*Exercise aim:* What you return should be the full listing, copied exactly and stripped of its pictures.

*Data extracts:*
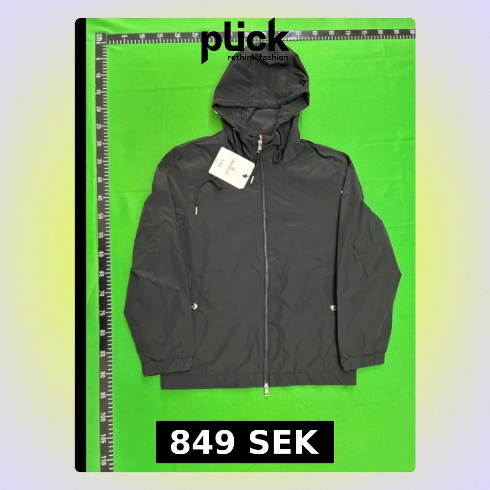 Snygg svart vindjacka från Moncler med huva och dragkedja framtill. Jackan har två sidofickor med tryckknappar, justerbar dragsko i huvan och Moncler-logga på ärmen. Materialet är tunt och vattenavvisande, perfekt för blåsiga dagar.
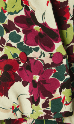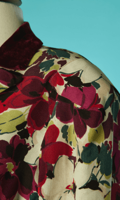Étiquettes : Lucien Lelong, Tailleur du soir Lucien Lelong, Tailleur du soir Lucien Lelong 1937-1938, Tailleur du soir Lucien Lelong en crêpe imprimé de fleurs et feuillages
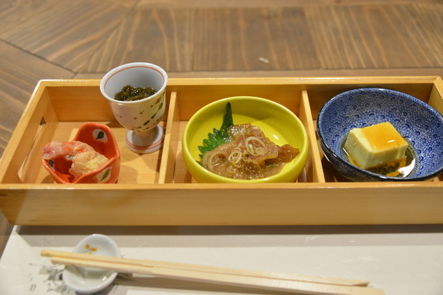 ホテルに夜ご飯がつけられず、こちらに飲みに来ました。予約なしで電話したら、ラッキーなことに空いていてカウンターに座れました。 おつまみセット(お酒一品+お料理3種)、獺祭ハー... 詳細を見る
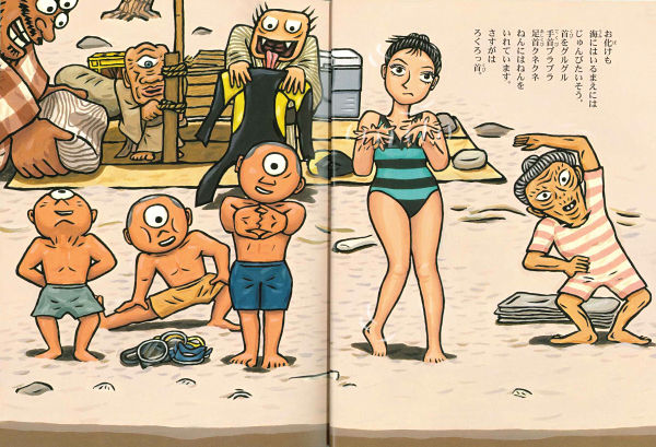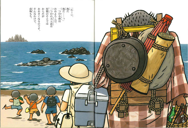 今年もお化け屋敷の連中が、海水浴にやってきました。一つ目小僧とろくろっ首は大喜びで海へ入っていきます。三つ目の大入道と一つ目の青坊主はからかさのしたで、のんびり昼寝・・・。楽しい夏の一日です。
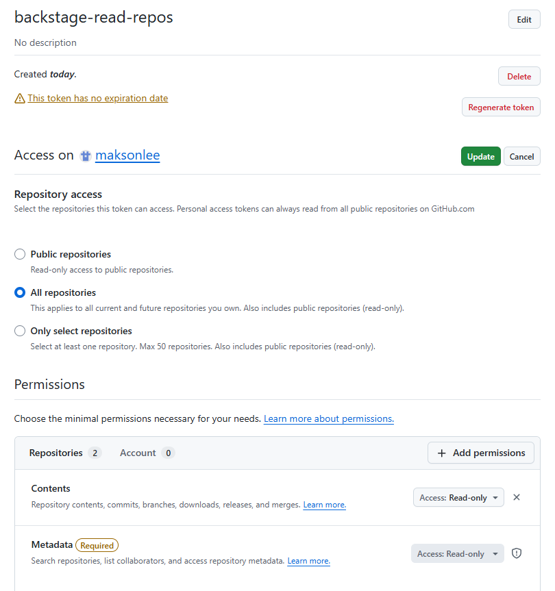 backstage-read-reposwith Contents: Read-only and Metadata: Read-only for all repos undermaksonlee. - Configured
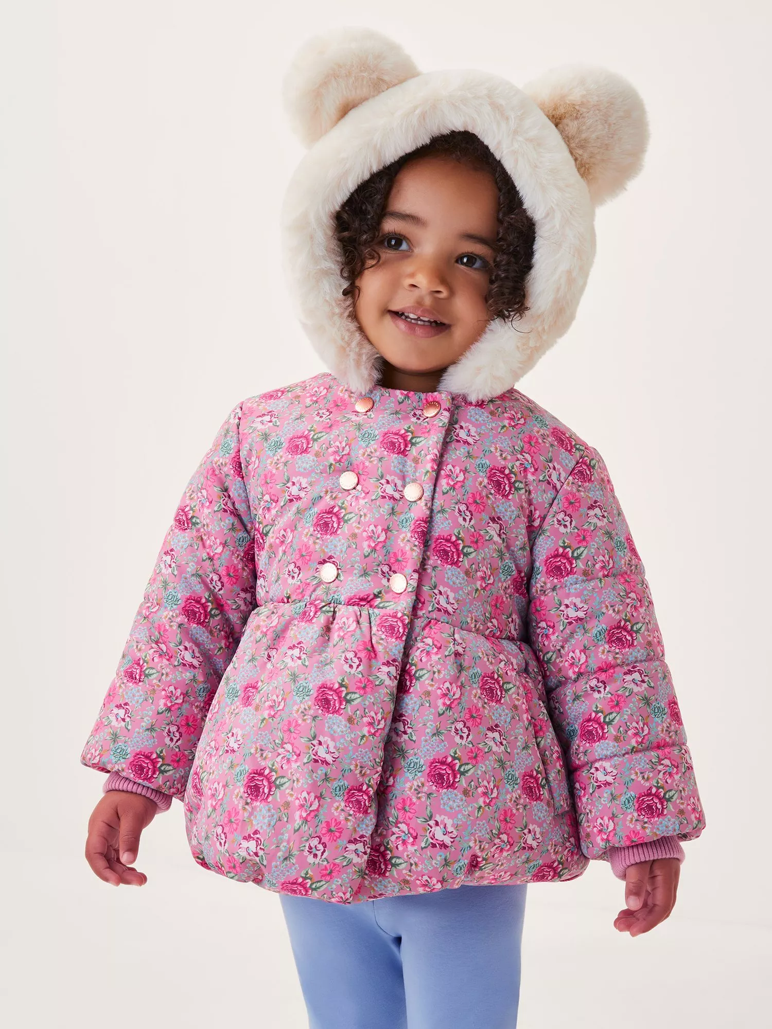 Perfectly padded to keep the cold out and cosiness in, this coat is patterned with vintage-inspired florals with double-breasted buttons to finish. The super fluffy teddy ears around the hood for ultimate cute factor.

*Task output:*
 Snygg svart vindjacka från Moncler med huva och dragkedja framtill. Jackan har två sidofickor med tryckknappar, justerbar dragsko i huvan och Moncler-logga på ärmen. Materialet är tunt och vattenavvisande, perfekt för blåsiga dagar.
Étiquettes : Lucien Lelong, Tailleur du soir Lucien Lelong, Tailleur du soir Lucien Lelong 1937-1938, Tailleur du soir Lucien Lelong en crêpe imprimé de fleurs et feuillages
 ホテルに夜ご飯がつけられず、こちらに飲みに来ました。予約なしで電話したら、ラッキーなことに空いていてカウンターに座れました。 おつまみセット(お酒一品+お料理3種)、獺祭ハー... 詳細を見る
 今年もお化け屋敷の連中が、海水浴にやってきました。一つ目小僧とろくろっ首は大喜びで海へ入っていきます。三つ目の大入道と一つ目の青坊主はからかさのしたで、のんびり昼寝・・・。楽しい夏の一日です。
 backstage-read-reposwith Contents: Read-only and Metadata: Read-only for all repos undermaksonlee. - Configured
 Perfectly padded to keep the cold out and cosiness in, this coat is patterned with vintage-inspired florals with double-breasted buttons to finish. The super fluffy teddy ears around the hood for ultimate cute factor.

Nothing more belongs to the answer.